Lydia sighed and stretched. Would there ever again be a day as long as this? She could have gone into the future and looked, but the idea that there might be a longer one was actually terrifying.
CHAPTER FOUR
Cordelia situated her pack atop her armored shoulders. She watched from the corner of her eye as Sergeant Preston badgered Privates Clemensky and Carter about the sizes of their packs, asking if they were smuggling lovers into the swamp along with their gear. They hid their eye rolls and fussed with their leather armor, all of them starting to sweat in the morning sun outside Gale’s western gate.
Private Jacobs whistled softly and gestured toward Gale with her chin. Cordelia turned as a young man and a slightly older woman marched toward her, more purpose in their stride than if they were just family saying good-bye. They had a relaxed air, the man sporting an overconfident smile, and the woman with half-lidded, bored eyes. They might as well have been wearing signs that said “yafanai,” though they’d traded their ritual robes for plain trousers and shirts.

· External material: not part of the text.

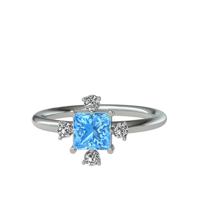 Akuamarin ve beyaz zirkon 14 ayar beyaz altın yüzük

The man gave a wave. He stood several inches shorter than Cordelia, but most people did, and his partner was even shorter than that. His light brown hair fell over his brows, making him seem about twenty. Her red hair had been pulled back in a severe bun, sharpening the already severe angles of her face.
“We’re ready to go.” He slapped a small bag that hung from his shoulder. The woman tossed hers at Cordelia’s feet.
Cordelia had to smile. The pissing contest had already begun. “Jacobs, take the yafanai’s bag. What are your focuses?”
She raised an eyebrow, but he said, “I’m micro-psychokinetic and a little telepathic.” When his companion stayed silent, he cleared his throat. “Natalya is psychokinetic. I’m Horace Adair, by the way.”
“Macro- or micro-psychokinetic?” Cordelia asked.